Dr Ray Truant, université McMaster
Co-visualisation de la huntingtine et des protéines connexes
dans les cellules striatales vivantes
Nous
savons que le gène de la MH produit une forme mutante de
la protéine huntingtine. Nous savons que cette protéine
anormale se fait diviser en deux fragments et que certains de ces
fragments se regroupent en agrégats protéiques dans
le nucléus de la cellule. Nous croyons que ce processus joue
un rôle dans la destruction de certaines cellules du cerveau
mais n'en connaissons pas exactement le mécanisme. Si seulement
nous pouvions voir la huntingtine mutante à l'action dans
une cellule vivante du cerveau! C'est ce que propose de faire le
Dr Ray Truant.
Le
Dr Truant a réussi à marquer la huntingtine à
l'aide de particules luminescentes de protéines provenant
de méduses afin de les observer dans des cellules vivantes
du cerveau au moyen d'un microscope sophistiqué contrôlé
par un ordinateur. Ainsi, il a pu constater la formation de la huntingtine
mutante, la constitution d'agrégats protéiques et
la mort des cellules, le tout dans l'espace de 24 heures.
Le
Dr Truant veut comprendre comment et pourquoi les fragments de la
huntingtine mutante s'accumulent dans le nucléus de certaines
cérébrales, menant à la mort de certaines seulement
de ces cellules. En utilisant les marqueurs luminescents, il envisage
d'étudier la façon dont la huntingtine entre dans
le nucléus. Il envisage également de marquer la mitochondrie,
soit le centre d'énergie de la cellule, et constater son
comportement durant ce processus, puisque le fonctionnement de la
mitochondrie est affecté par la MH.
Ce
travail peut mener à de nouvelles cibles pour les traitements
qui pourraient aider la huntingtine normale à fonctionner
ou empêcher la huntingtine mutante de le faire.

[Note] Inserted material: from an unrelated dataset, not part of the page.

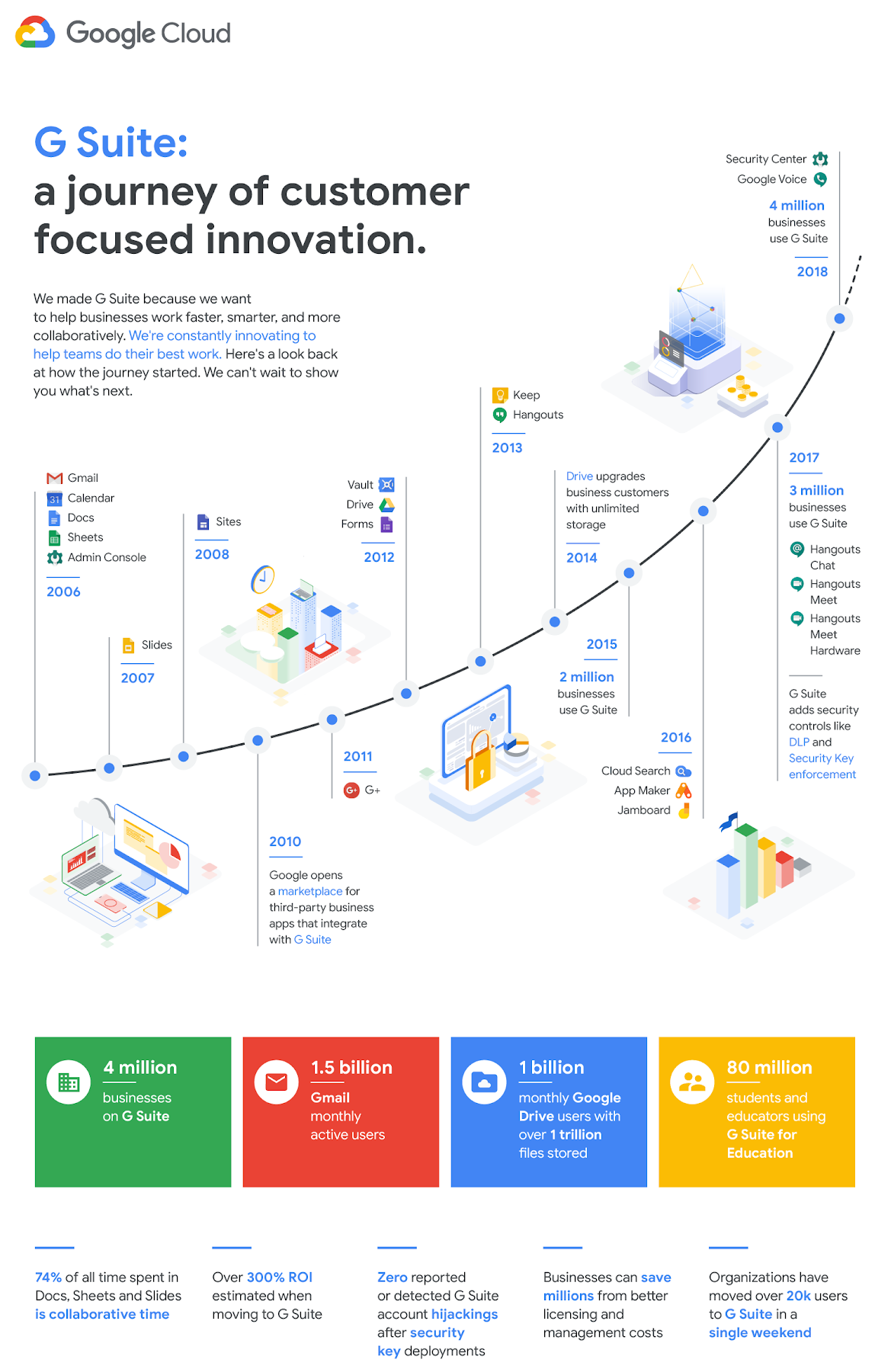 Společnost Google od 2. dubna 2019 zdraží dva základní tarify služby G Suite, která firemním uživatelům přináší služby jako Google Calendar, Gmail, Docs, Drive nebo Hangouts. Zdražení podle Googlu proběhne globálně.

Dr Martin Lepage, Université McGill
Remémoration et dysfonctionnement fronto- striatal en présence
de la maladie de Huntingon : une édute IRMF
La
perte de mémoire est l'un des nombreux symptômes de
la MH. Les personnes atteintes de la MH n'accèdent pas facilement
aux données stockées dans leur cerveau, ce qui peut
affecter négativement le rendement au travail et l'interaction
sociale. Nous savons que les souvenirs existent, car les personnes
atteintes de la MH ont de bons résultats sur les tests de
reconnaissance. Toutefois, ils ont de la difficulté à
rappeler l'information quand ils en ont besoin.
Les
recherches antérieures ont montré que les régions
pré-frontales et sous-corticales du cerveau sont responsables
de la remémoration. Le Dr Lepage espère découvrir
si ce sont bien ces régions qui ne fonctionnement pas adéquatement
lorsque la personne atteinte de la MH essaie d'accéder à
ses souvenirs.
Le
Dr Lepage envisage de comparer 15 personnes saines et 15 personnes
atteintes de la MH. Il utilisera une machine d'imagerie par résonance
magnétique puissante afin de voir quelles régions
du cerveau réagissent (ou ne réagissent pas) lorsque
le sujet effectue des tests de reconnaissance et de remémoration.
En cernant les structures spécifiques dans le cerveau qui
sont responsables de la défaillance de la mémoire
en présence de la maladie de Huntington, le Dr Lepage améliorera
notre compréhension des symptômes cognitifs de la maladie
et fournira aux chercheurs des mesures adéquates de la gravité
de l'atteinte. Au fur et à mesure que de nouveaux médicaments
sont mis au point afin de protéger le cerveau contre les
ravages de la MH, les chercheurs peuvent utiliser ces mesures pour
évaluer le degré de réussite du traitement.